So some background. I am performing analysis on some samples that vary greatly in terms of sequence number (10,000 vs 500,000+). I am subsampling down to the smallest sample size (10,000) and what I noticed is that the distribution of the OTUs in my large samples after subsampling are nothing resembling the original samples. Specifically, all OTUs were brought to a total abundance of <100 even though in the original sample the most abundant OTUs numbered in the 10,000s, so I wouldn’t expect them to be so low after sub-sampling. Also the sub sampled samples were much much more even than the original samples.

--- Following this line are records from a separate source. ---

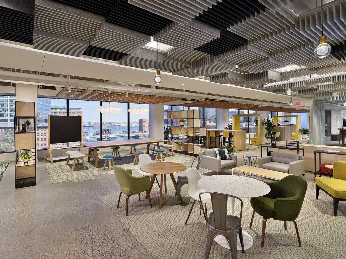 In another nice design touch, the long office space is artfully divided into zones by standalone blocks of our Palisades system, but also by our Railway Carriage meeting pods. Here the open-sided Railway Carriages perform a variety of roles: they offer more intimate spaces for solo or two-person work, they function as zone dividers, and they frame a cinematic view through the centre of the office. Furthermore, they allow the building’s long glass wall to be left unobstructed, making the most of the sweeping views of Boston’s famous harbour.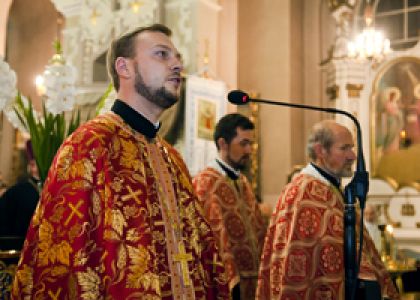 Всечесний отче Олеже!Я щиро дякую Вам за вітання! Справді, як Ви зауважили, свій День Тезоіменитства цьогоріч я зустрічаю не в кафедрі, а приїхав святкувати до вас. І мені, зауажу, дуже приємно молитися сьогодні разом із духовенством і вірянами Перемишлянщини!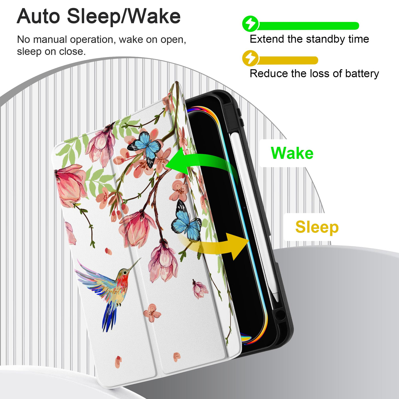 Q: How does the auto sleep/wake function work in the MEEgoodo Case?A: The case automatically wakes your iPad Pro when opened and puts it to sleep when closed, helping to save battery life and ensuring your device is ready for use when you need it.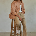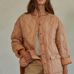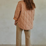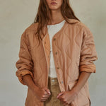 This salmon-hued quilted jacket is perfect as a light layer on cool days or layered with a sweater in colder weather.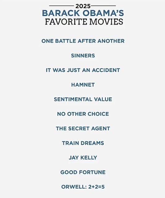18 grudnia były prezydent Stanów Zjednoczonych opublikował coroczne zestawienie kinowych fascynacji. Lista, od dekady publikowana tuż przed świętami, potwierdza, że Obama pozostaje najbardziej kinematograficznie wyrobioną głową państwa w historii amerykańskiej polityki.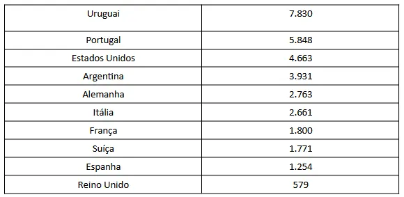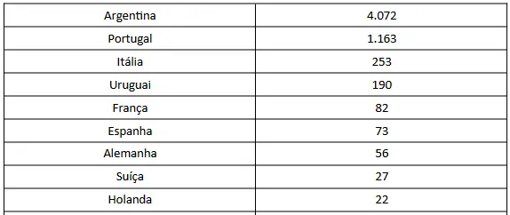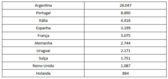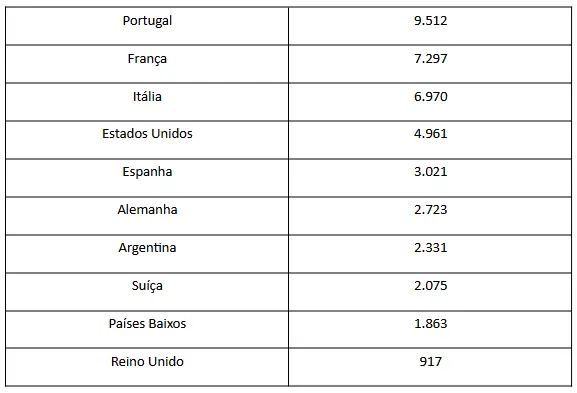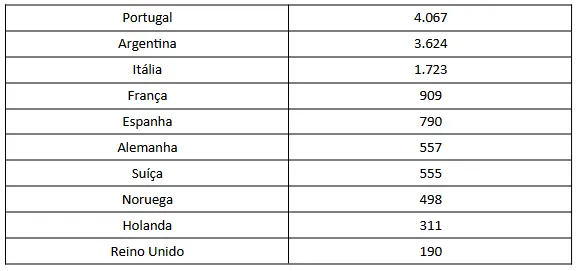 Em seguida, aparecem os franceses (7,2 mil), italianos (6,9 mil) e espanhóis (3,02 mil). Completam a lista Alemanha, Suíça, Países Baixos e Reino Unido.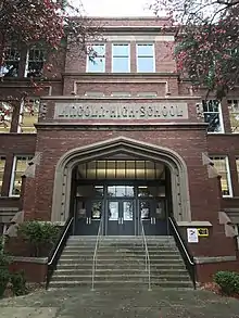 The school was built in 1906 in the Wallingford neighborhood to handle the growth in the area.[2] It opened in 1907 and until 1971 was a three-year senior high school (grades 10-11-12, or sophomores/juniors/seniors), thereafter a four-year high school with grades 9 to 12. Lincoln High closed as a school in its own right after 74 years in 1981, and the building has been used several times since as a temporary holding location for other Seattle public schools as their own buildings underwent renovations / remodelings / rebuildings.[1][3] The Lincoln building housed Ballard High School in 1997–1999 while their current facility was being built, then the Latona Elementary School (1999–2000).[1] It next housed Roosevelt High School in 2004–2006 and Garfield High School in 2006–2008 while their respective buildings were being renovated and upgraded. September 2009 to June 2010, Lincoln was the home to the Hamilton International Middle School while the Hamilton building was renovated and housed the recently split APP North middle school cohort for one year with Hamilton in 2009-2010. The old Lincoln High building then underwent its own renovations and became an Attendance Area / zoned neighborhood comprehensive public high school once again in 2019.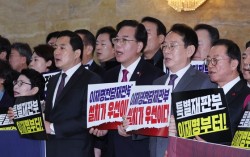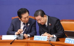 더불어민주당 정청래 대표와 김병기 원내대표(왼쪽부터)가 22일 오전 서울 여의도 국회에서 열린 최고위원회의에서 대화하고 있다. [연합뉴스] 팽팽하던 여야 간 특검 대치가 22일 새 국면에 접어들었다. 더불어민주당과 국민의힘이 이날 통일교의 정치권 금품 지…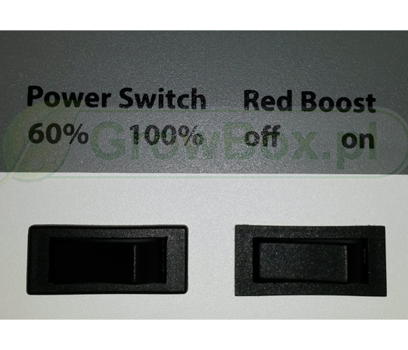 - Xplosion 800W posiada dodatkowe przełączniki, jeden regulujący światło białe w zakresie 60% i 100%, oraz drugi włączający suplementację światła czerwonego.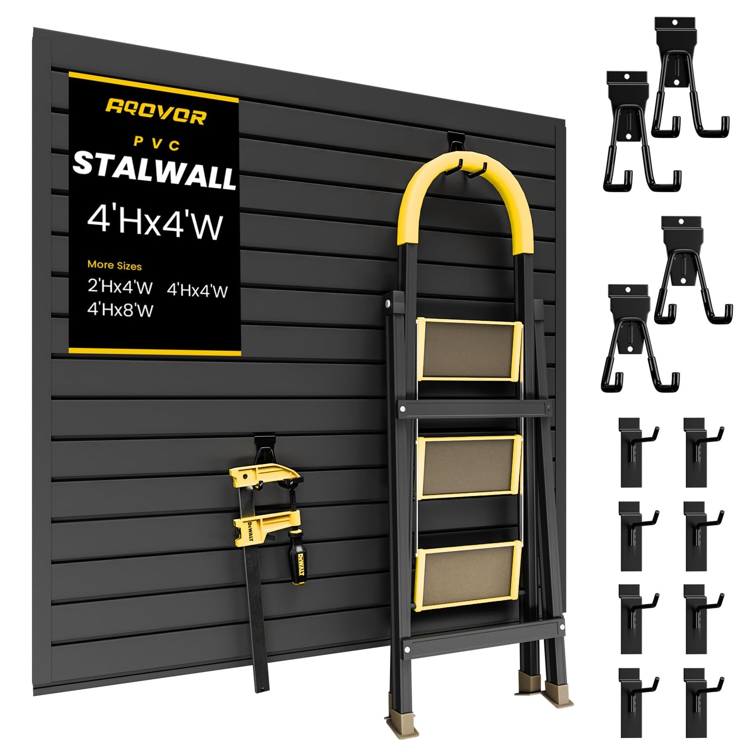 AQOVOR Slat Wall Paneling 4x4 FT, PVC Slat Wall Panels Heavy-Duty Garage Organization System with Hooks & Accessories, Slatwall Pegboard Suitable for Home、Garage、Shop Display & Organization (Black)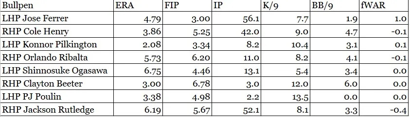 The Nationals have by far the worst bullpen ERA in baseball at 5.84 with the second-worst strikeout rate. They traded away closer Kyle Finnegan in July, leaving Jose A. Ferrer to handle closing duties. Ferrer throws strikes, with the fifth-lowest walk rate, and his 59 percent groundball rate is tenth among relievers. Cole Hnry has the fourth-highest soft-hit rate and the fifth-highest pop-up rate among relievers. Jackson Rutledge has the third-highest home run rate among relievers.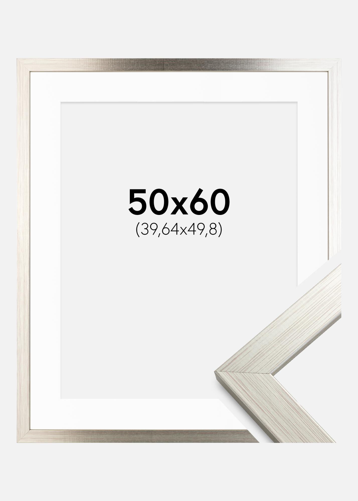 Рамка Сребро Wood 50x60 cm - Паспарту бяло 16x20 inches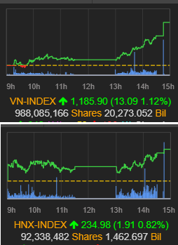 終値 前営業日比 騰落率(%) VN指数 1185.90 +13.09 +1.12 VN30指数 1186.60 +18.34 +1.57 ...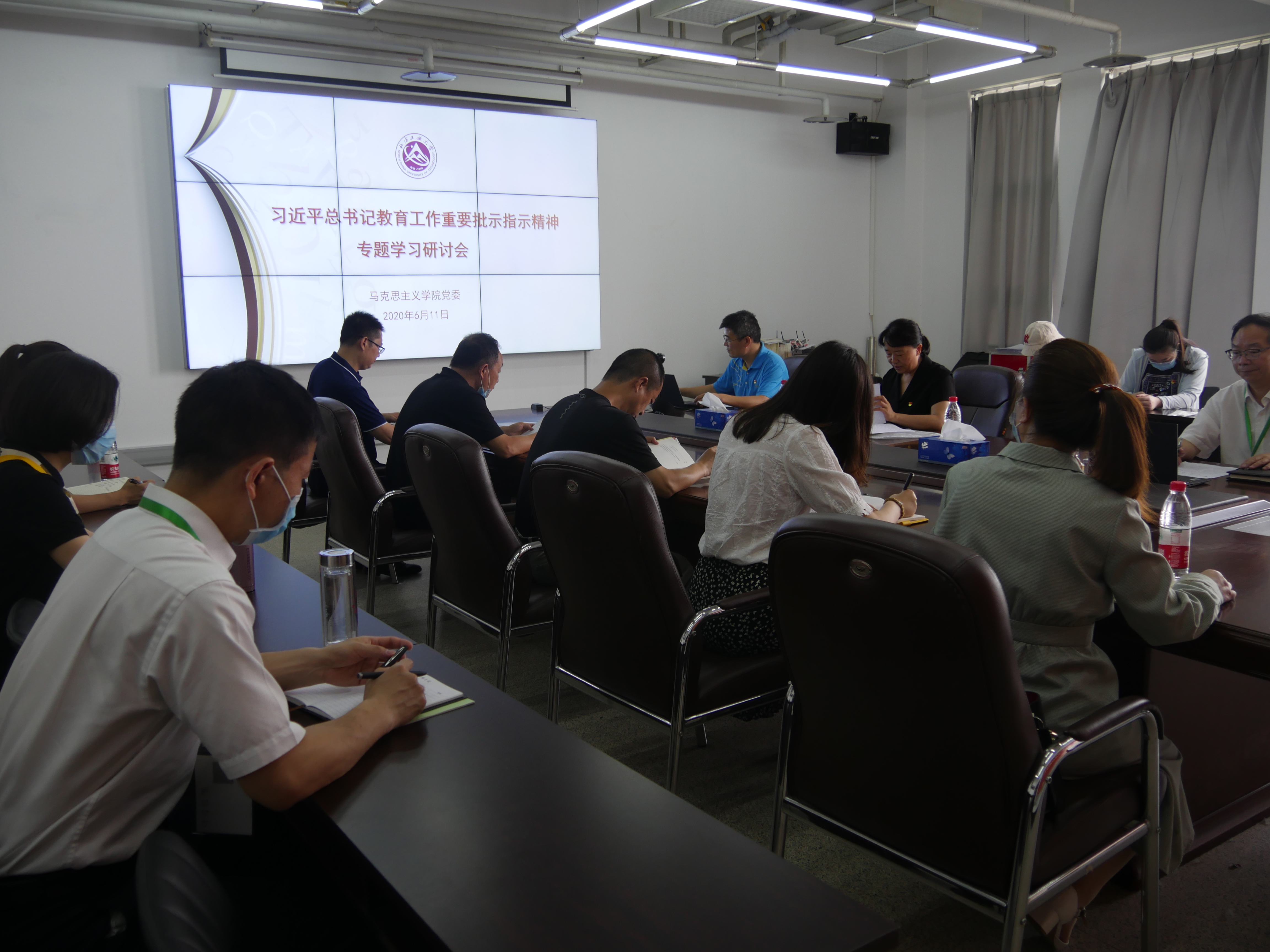6月11日上午10点,pp电子官网在瀚学楼1208会议室召开习近平总书记教育工作重要批示指示精神专题学习研讨会。校党委副书记田红芳、院长张加才、副院长张茂林、党委委员周守高、刘以沛,教研室主任李肖、刘喜珍、朱建平及教师代表出席研讨会。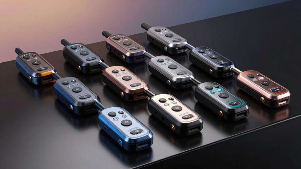 Since weather conditions can change suddenly, choosing a motorcycle intercom duo pack with strong weather resistance is essential. Look for models with an IP65 or higher waterproof rating to guarantee protection against rain, dust, and snow during your rides. If you face extreme conditions, devices with an IP67 rating can withstand immersion in water, offering extra peace of mind. Weather-resistant intercoms typically feature sealed microphones and speakers, preventing water ingress and maintaining audio clarity. Reinforced casings and corrosion-resistant connectors further boost durability, even in wet or harsh environments. Reliable weatherproof features help ensure consistent communication performance, no matter the weather challenges you encounter. Investing in these features means you can ride confidently, knowing your intercom system will perform reliably in any weather.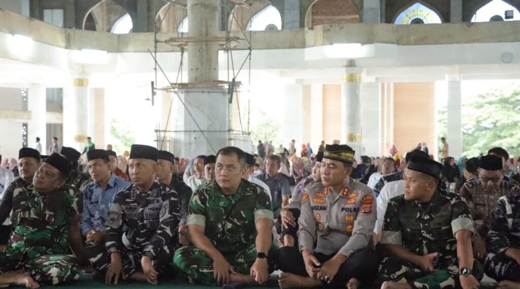 LHOKSEUMAWE – Kapolres Lhokseumawe AKBP Dr. Ahzan, S.H., S.I.K., M.S.M., M.H. menghadiri kegiatan peringatan Maulid Nabi Besar Muhammad SAW 1447 H/2025 M yang diselenggarakan oleh Pemerintah Kota Lhokseumawe di Masjid Agung Islamic Center, Kecamatan Banda Sakti, Kamis (16/10/2025).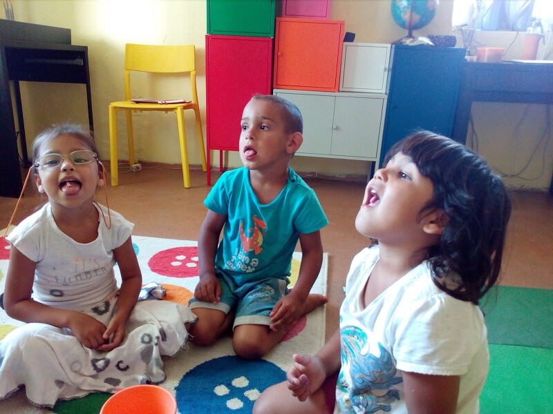 Volt lehetőségünk beszédfejlesztő feladatok kipróbálására is. A cél az volt, hogy a legkisebbek is megismerkedjenek a logopédiával. Különböző állatokká varázsolva magunkat, utánoztuk az állathangokat. Ezután a nyelvünket tornáztattuk meg. Előkerült a zizi és még építőelemeket is egyensúlyoztunk az ajkaink között lévő spatulán. A zörej felismerésnél nagyon füleltek a gyerekek, hogy kitalálják az ollót csattogtatjuk, vagy a zacskót zörgetjük. Végül buborékfújással zártuk a foglalkozást. Aki épp nem fújt, neki különböző testrésszel (ujjal, térddel) kellett kipukkasztania a bubikat.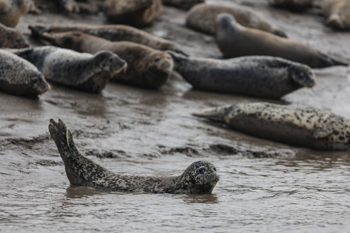 西太平洋斑海豹在遼寧盤(pán)錦三道溝海域的灘涂上休息(2024年4月9日攝)。新華社記者 潘昱龍 攝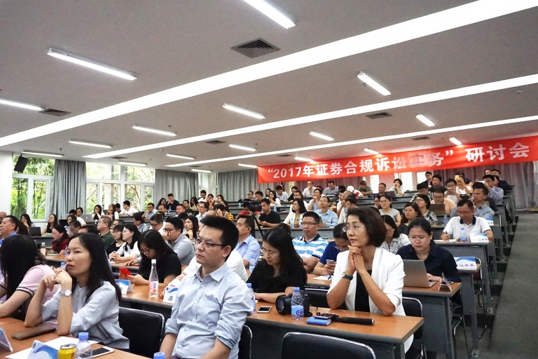 2017年8月25日下午,由广东省律协金融法律专业委员会主办,北京大学国际法学院、广东省律协证券法律专业委员会、广州市律协金融法律专业委员会、广州市律协证券法律专业委员会、深圳市律协金融法律专业委员会、深圳市律协证券法律专业委员会协办的“2017年证券合规诉讼实务简析”专题研讨会在北京大学国际法学院举行。来自全省各地的100多名律师参加了研讨会,全场座无虚席。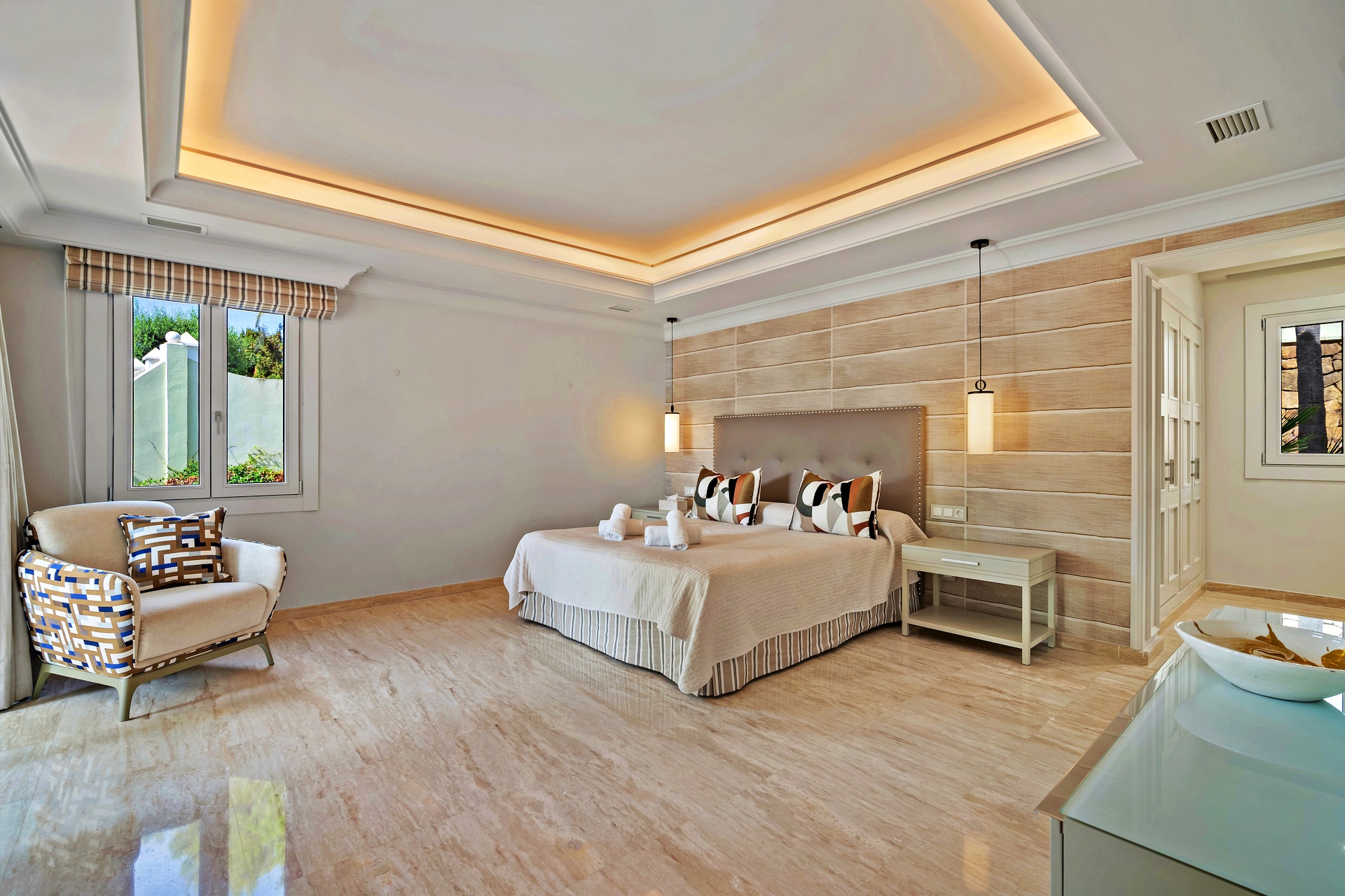 Main house with five bedrooms, including two master suites with terraces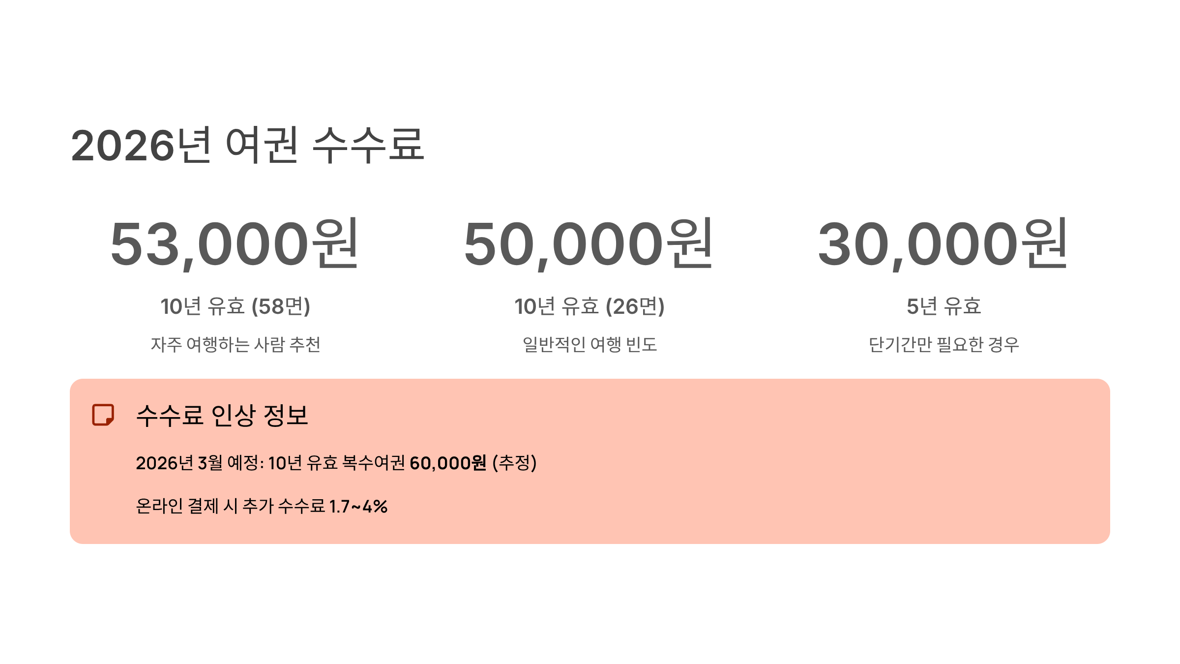 - 2026년 3월 예정: 10년 유효 복수여권 60,000원 (추정)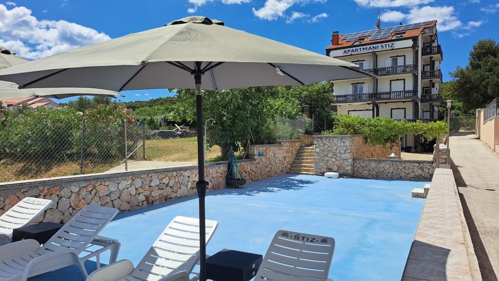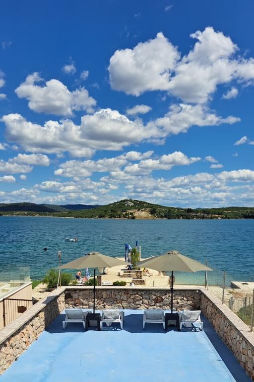Lejlighedshus ŠTIZ-BETINA - Din ideelle ferie ved havet! Lejlighedshuset ŠTIZ-BETINA ligger direkte ved kysten i byen Betina på øen Murter og tilbyder det perfekte miljø for en afslappende ferie. Vores anlagte stenstrand er udstyret med liggestole og store parasoller, som du kan bruge gratis. Kommer du med båd? Vi tilbyder mulighed for søsætning og fortøjning for fartøjer op til 7 meter, med sikret parkering til trailer inde i den indhegnede gård. Beliggenhed: Huset ligger 1,5 km fra centrum af Betina, hvor du finder den gamle bymidte, butikker, caféer, restauranter og byens største strand. Øen Murter er let tilgængelig med bil, fordi den er forbundet med fastlandet med en vindebro, som hæves to gange om dagen. Vi tilbyder: seks lejligheder (2+2) og fire studier (2+1). Hver boligenhed omfatter: et fuldt udstyret køkken, aircondition, gratis Wi-Fi, fladskærms-satellit-HDTV, toilet med bruser, sengelinned og håndklæder. Alle lejligheder og studiolejligheder har en smuk udsigt over havet og haven.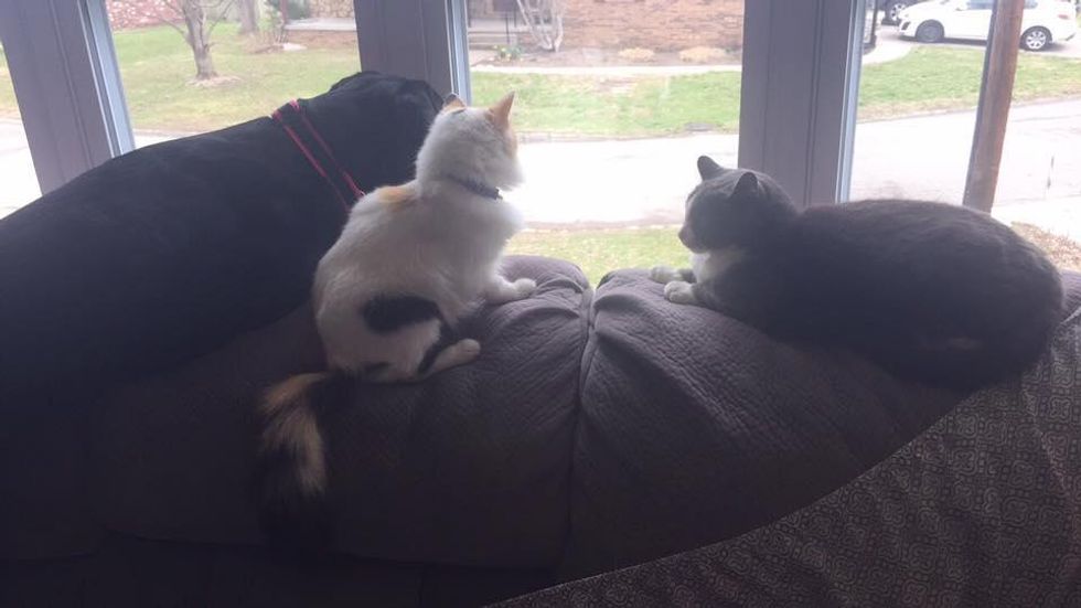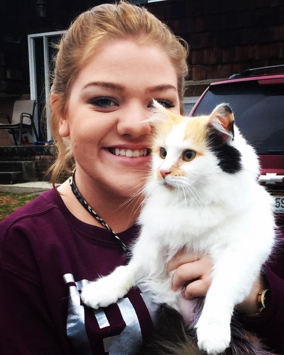 "This cat is the sweetest! All of the animals have adjusted and get along now," the Hunt family said.

To test this some more I ran sub.sample on a mock shared file which can be found here (http://pastebin.com/W6zVGfHp) and ran this (http://pastebin.com/TFKs1UyR) python script (in an ipython notebook). What I found was that the sub.sampling is very uneven:
This graph shows 10 subsampling runs on the same shared file, where the subsamples are at 10/10, 9/10, 8/10, etc of the original shared file size. The OTUs are arranged along the x axis by their initial abundance (1, 10, 100, 1,000, 10,000, 100,000), their current abundance in the subsampled shared file on the y axis (log10), and color coded at each of the initial abundances according to the replicate OTU number (the shared file contained one sample, with 24 OTUs, that were actually 6 OTUs with the staggered abundance, repeated 4 times).
What is apparent, is that some OTUs remain virutally untouched, even when the shared file is subsample to 1/10th the original size, while others have essentially been eradicated.
This subsampling was performed using mothur 1.39.3.